John Oliver Dissects Disconnect Between Republican Convention Rhetoric and Kenosha Violence
Last Week Tonight host highlights glaring disparities in how authorities treated Jacob Blake and Kyle Rittenhouse
Jon Blistein
John Oliver explored the disconnect between the Republican National Convention’s messaging on race in America and the events in Kenosha, Wisconsin, on Last Week Tonight Sunday, August 30th.
Among false and misleading claims about the state of the Covid-19 pandemic and President Donald Trump’s accomplishments in office, Oliver said “the biggest gulf between the RNC and objective reality concerned race.” Throughout the week, Oliver continued, speakers tried to ensure viewers that racism was a thing of the past, but seemed less concerned with winning over black voters than reassuring white ones. For instance, Oliver highlighted Vice President Mike Pence saying “We don’t have to choose between supporting law enforcement and standing with our African-American neighbors,” suggesting a distinction between that “we” and “our African-American neighbors.”
“But I guess that sentiment shouldn’t really be surprising coming from Mike Pence,” Oliver cracked, “A man who permanently looks like he should be living in ‘Ken’s White Flight Dream House.’”
The RNC featured some slightly more incendiary rhetoric, however, which Oliver tied to the events in Kenosha, where protests erupted after the police shot Jacob Blake seven times in the back in front of his children. Oliver specifically examined the way police treated Blake and the way they let 17-year-old Kyle Rittenhouse walk past police cars, gun in hand, after he’d shot three people.
“If you’re looking for a better visual illustration of the differences between being black and white in America, I don’t think you’re gonna find one,” Oliver said. “Except, maybe, seeing exactly who sits down and who stands up when ‘Cotton Eye Joe’ comes on at a wedding.”
Oliver also touched on the NBA and WNBA strikes that followed Blake’s killing, and a speech delivered by Jacob Blake’s sister, Letetra Widman, that emphasized anger and the need for legitimate change over seeking sympathy. Oliver argued that American history has shown the system doesn’t respond to injustice until it’s forced to and that symbolic protests are too easily co-opted. Even voting Trump out in November will only help to a certain extent.

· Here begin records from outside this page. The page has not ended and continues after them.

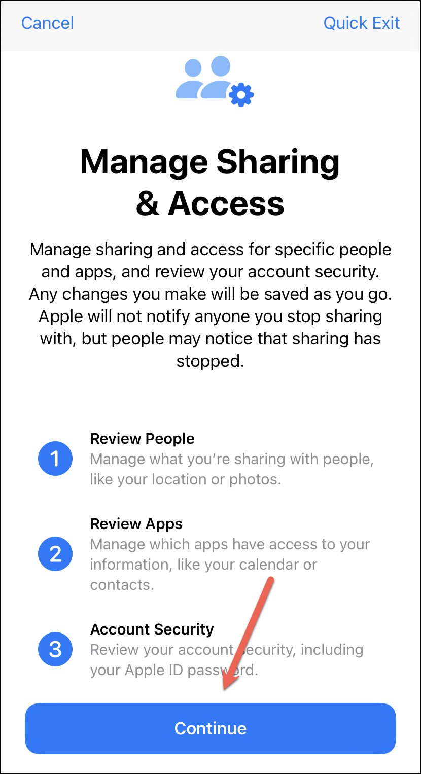 You’ll have to authenticate yourself using Face ID, Touch ID, or a passcode. The screen for Managing Sharing & Access will open; tap ‘Continue’ at the bottom to proceed.
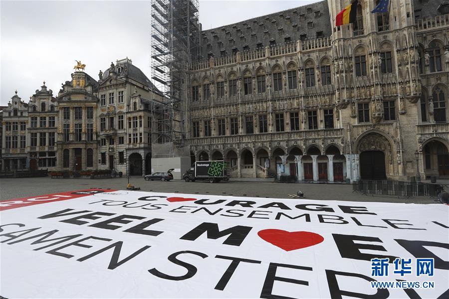 這是4月13日在比利時(shí)布魯塞爾大廣場(chǎng)拍攝的為抗擊疫情加油的巨幅海報(bào)。當(dāng)日,比利時(shí)布魯塞爾市政府工作人員在市中心的大廣場(chǎng)展開一面巨幅海報(bào),上面用法語(yǔ)和荷蘭語(yǔ)印著“一起鼓起勇氣”“謝謝”,以感謝市民及醫(yī)療人員為抗擊疫情所做的努力。新華社記者鄭煥松攝
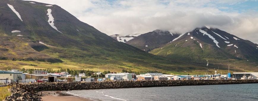 Akureyri ist mit seinen 19000 Einwohnern die viertgrößte Stadt Islands. Außerhalb des Hauptstadtbezirks um Reykjavik ist die Hafenstadt Akureyri sogar das größte Bevölkerungszentrum des Landes. Sie erstreckt sich am inneren Ende des Eyjafjörður. Oft liegen Kreuzfahrtschiffe im großen Hafen. Es gibt mehrere Supermärkte und in dem etwas abseits der Ringstraße gelegenen kleinen Zentrum wird sogar eine kurze Fußgängerzone mit Cafés und Restaurants geboten. Nett ist auch der Botanische Garten, eine blühende Oase in der kargen Landschaft Islands.
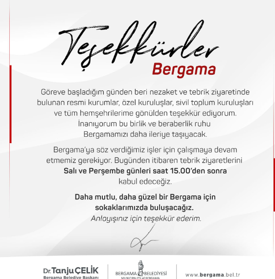 Göreve başladığı ilk günden itibaren nezaket ve tebrik ziyaretinde bulunanlara teşekkür eden Tanju Çelik, 'Bergama'ya söz verdiğimiz işler için çalışmaya devam etmemiz gerekiyor. Bugünden itibaren tebrik ziyaretlerini salı ve parşembe günleri saat 15.00'ten sonra kabul edeceğiz' mesajı verdi.
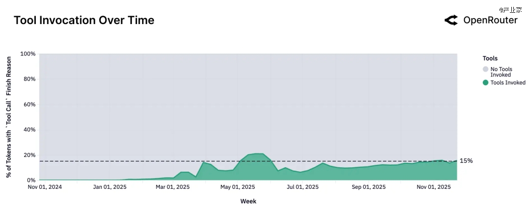 工具调用(tool-calling)是另一条清晰的上升曲线。论文通过“finish reason = tool_call”的比例来估算工具调用的使用程度,结果显示工具调用的占比在一年之内稳步提升,只有在某些大客户短期爆量时出现尖峰。
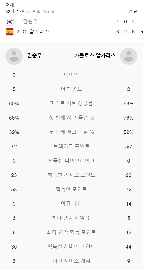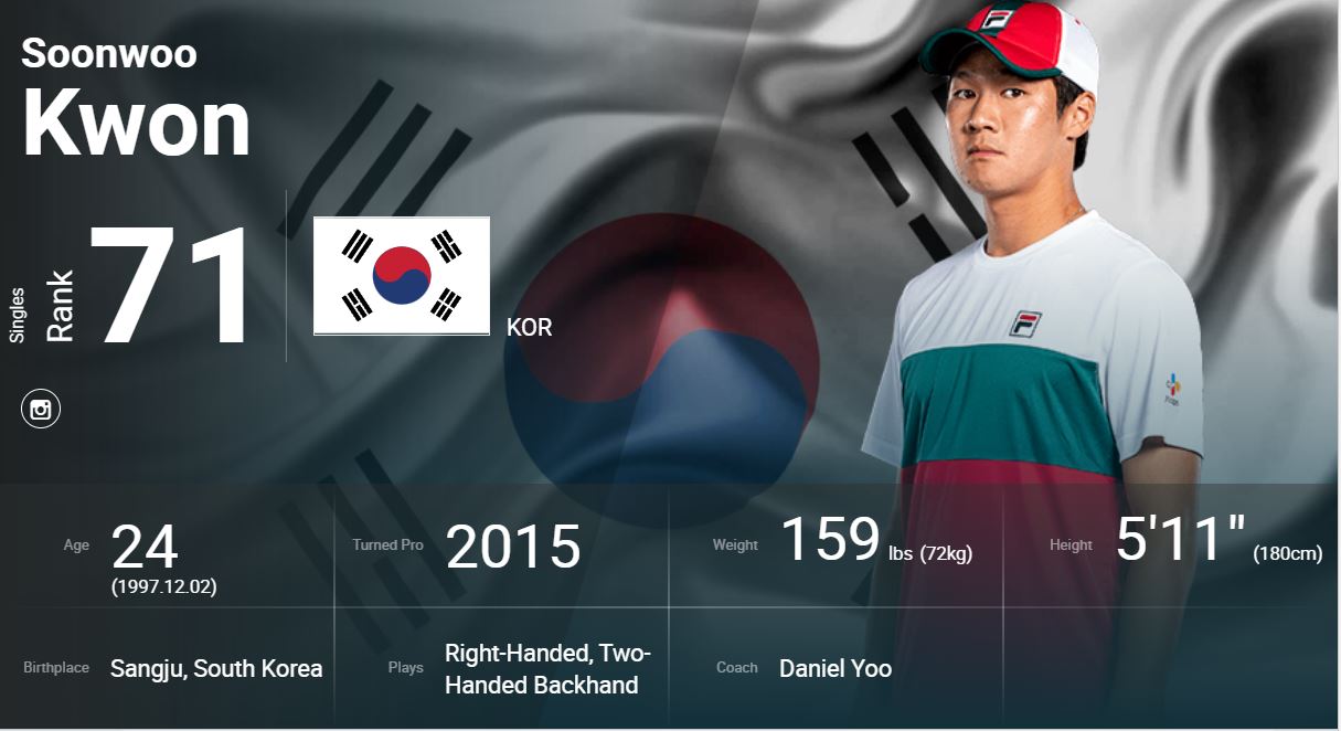 세계 11위 카를로스 알카라즈를 상대로 멋진 경기를 했던 권순우 선수입니다.
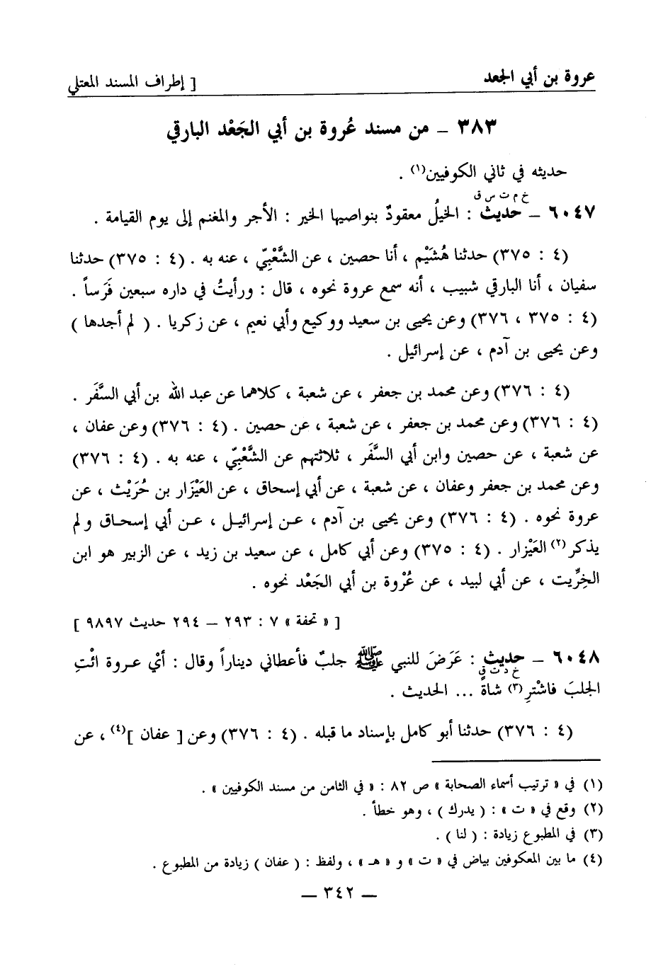 6047 -[خ م ت س ق] حديث الخيل معقود بنواصيها الخير الأجر والمغنم إلى يوم القيامة (4: 375) حدثنا هشيم أنا حصين، عن الشعبي عنه به. (4: 375) حدثنا سفيان، أنا البارقي شبيب أنه سمع عروة نحوه. قال ورأيت في داره سبعين فرسا (4: 375، 376) وعن يحيى بن سعيد ووكيع وأبي نعيم، عن زكريا (لم أجدها) وعن يحيى بن آدم، عن إسرائيل (4: 376) وعن محمد بن جعفر، عن شعبة، كلاهما عن عبد الله بن أبي السفر (4: 376) وعن محمد بن جعفر، عن شعبة، عن حصين (4: 376) وعن عفان، عن شعبة، عن حصين وابن أبي السفر ثلاثتهم، عن الشعبي عنه به. (4: 376) وعن محمد بن جعفر وعفان، عن شعبة، عن أبي إسحاق، عن العيزار بن حريث، عن عروة نحوه. (4: 376) وعن يحيى بن آدم، عن إسرائيل، عن أبي إسحاق ولم يذكر العيزار (4: 375) وعن أبي كامل، عن سعيد بن زيد، عن الزبير هو ابن الخريت، عن أبي لبيد، عن عروة بن أبي الجعد نحوه.
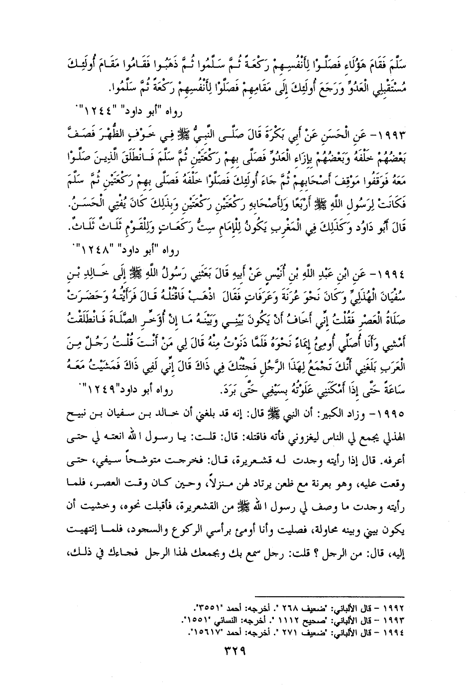 1994 - عَبْدُ الله بْنُ أُنَيْسٍ: بَعَثَنِي رَسُولُ الله - صلى الله عليه وسلم - إِلَى خَالِدِ بْنِ سُفْيَانَ الْهُذَلِيِّ، وَكَانَ نَحْوَ عُرَنَةَ وَعَرَفَاتٍ أن اقْتُلْهُ، فَرَأَيْتُهُ وَحَضَرَتْ صَلَاةُ الْعَصْرِ فَقُلْتُ: إِنِّي لا أَخَافُ أَنْ يَكُونَ بَيْنِي وَبَيْنَهُ مَا إِنْ يؤَخِّرِ الصَّلَاةَ، فَانْطَلَقْتُ أَمْشِي، وَأَنَا أُصَلِّي أُومِئُ إِيمَاءً نَحْوَهُ، فَلَمَّا دَنَوْتُ مِنْهُ قَالَ لِي: مَنْ أَنْتَ؟ قُلْتُ: رَجُلٌ مِنَ الْعَرَبِ بَلَغَنِي أَنَّكَ تَجْمَعُ لِهَذَا الرَّجُلِ فَجِئْتُكَ فِي ذَلكَ. قَالَ: إِنِّي لَفِي ذَلكَ. فَمَشَيْتُ مَعَهُ سَاعَةً حَتَّى إِذَا أَمْكَنَنِي عَلَوْتُهُ بِسَيْفِي حَتَّى بَرَدَ. لأبي داود (¬1).
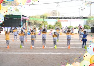 The stage was filled with excitement, color, and enthusiasm as children confidently spoke and sang, showing their growing knowledge and confidence.
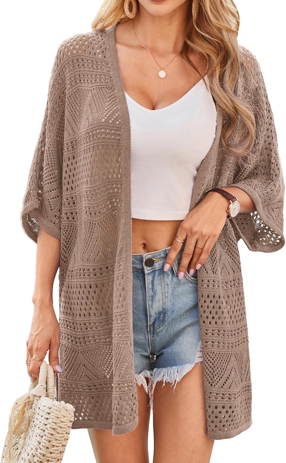GRACE KARIN Womens Summer Short Sleeve Crochet Cardigan Sweaters Lightweight 2026 Oversized Knit Boho Kimono Cardigans
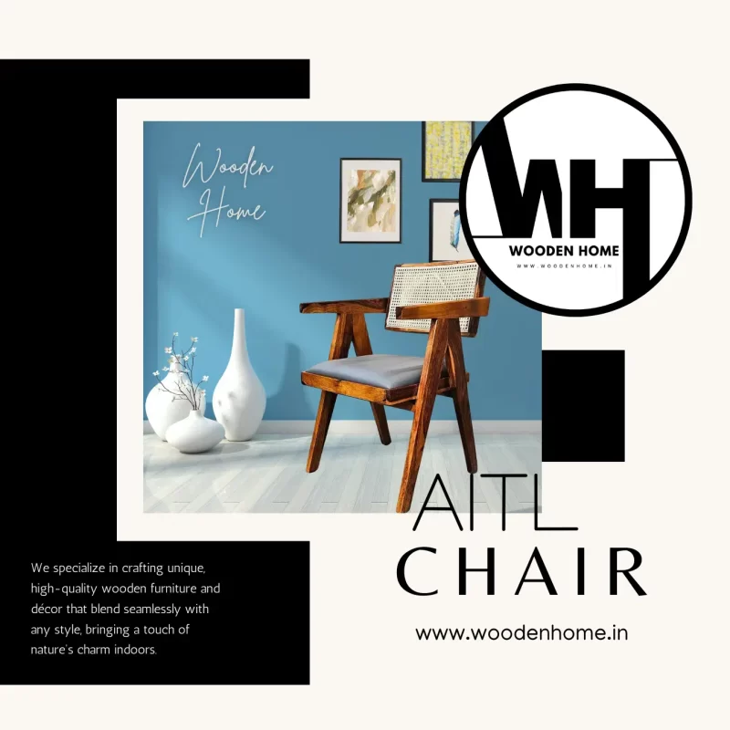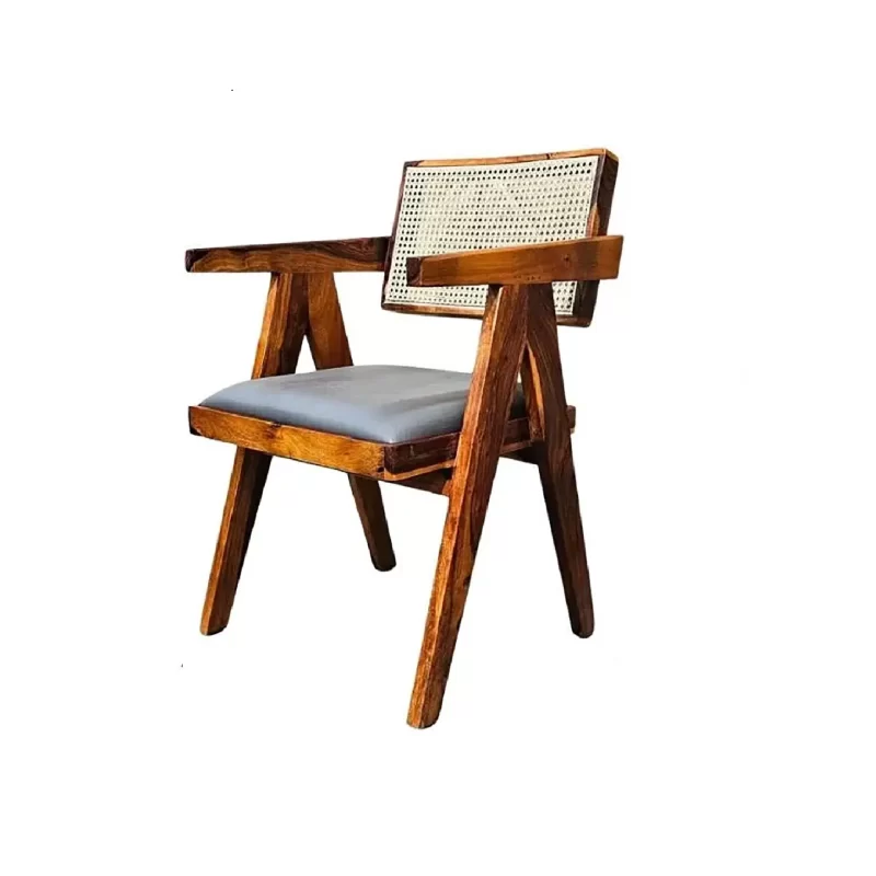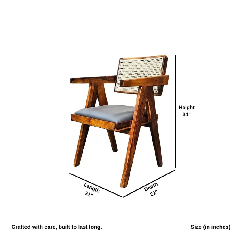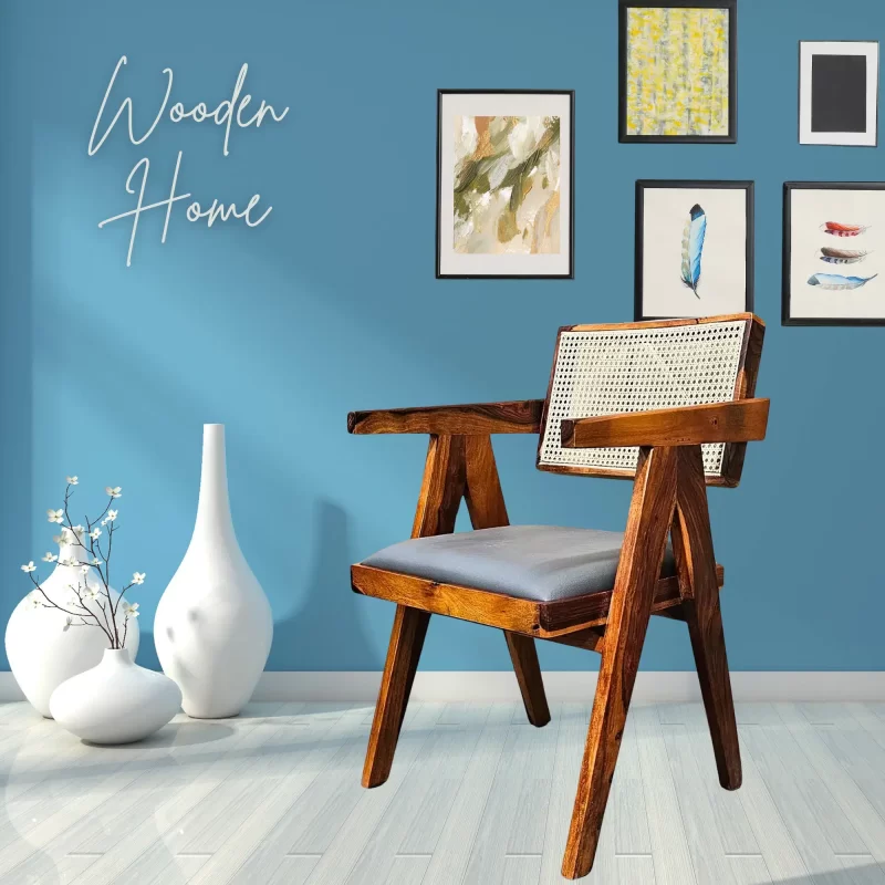 Aitl Cane Chair by Wooden Home, crafted from solid wood and cane in a warm brown finish. Designed with durability and natural charm, this chair adds timeless style to dining rooms, cafes, or living spaces.
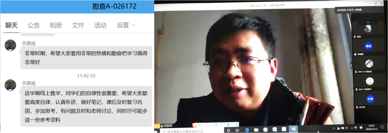 院长李建威认真聆听《非常规油气地质学》和《矿产勘查理论与方法》等课程,在课程间隙他主动与同学们开展线上互动,探讨专业问题,引导学生主动思考。课后,他勉励同学们:在特殊时期要用非常的热情与勤奋把学习搞得非常好;切实做到自我管理、自我约束和自我教育,养成自律的好习惯,努力培养和提高自学能力,这种能力将让你受益终生。
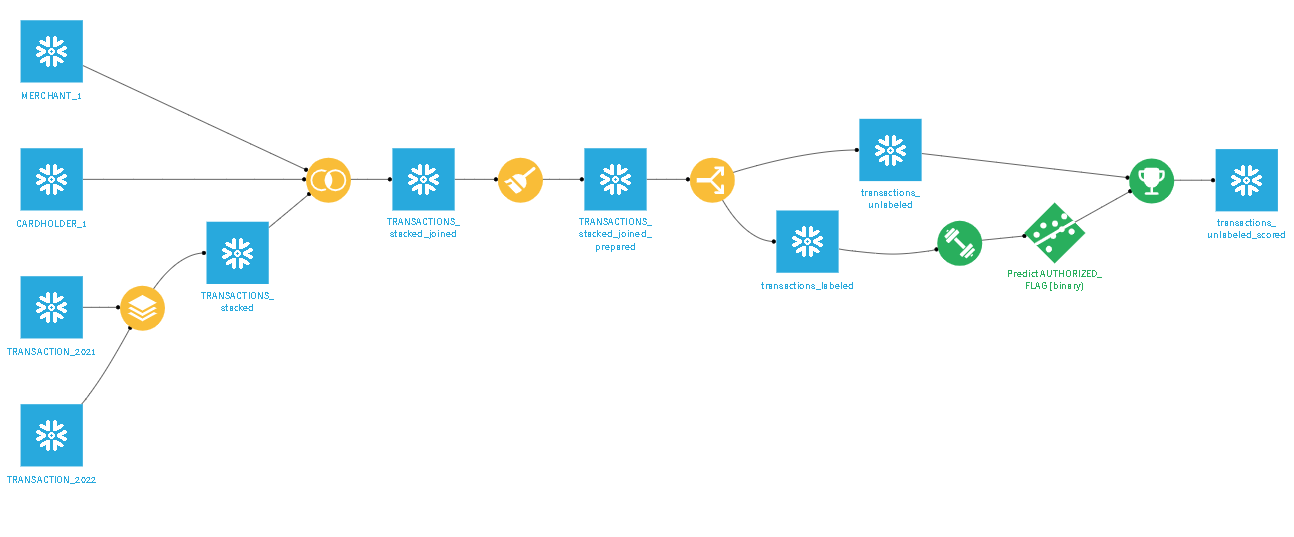 事前準備が完了しましたら、Dataiku上でフロー・モデルを構築します。構築したデータはSnowflakeのデータを使用しています。
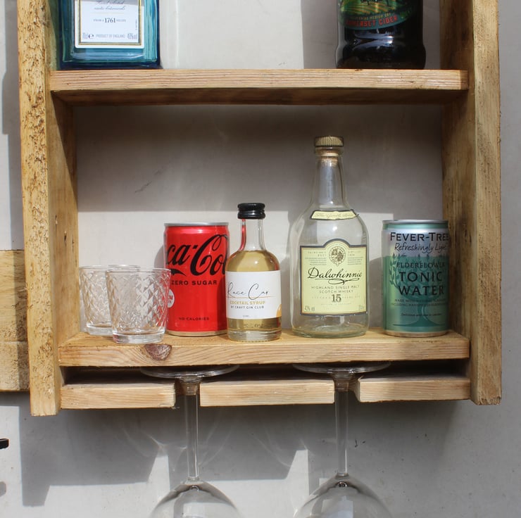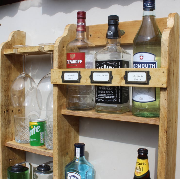 Hand made from re cycled wood, 6 metal name holders in bronze colour are fixed to the front of the 2 shelves to list some of your favourite spirits.

“Because as much as I, or the RNC, would like to believe that Joe Biden will be an agent of radical change, there’s just no reason to believe that,” Oliver said. “To the extent that real change is possible through the ballot box this year, it will only be if Biden is elected alongside progressive candidates all the way down the ballot, from the Senate to state legislatures to city councils to sheriffs. And even that will be very much a beginning, and not an end — none of this is easy, but it has to begin and now.”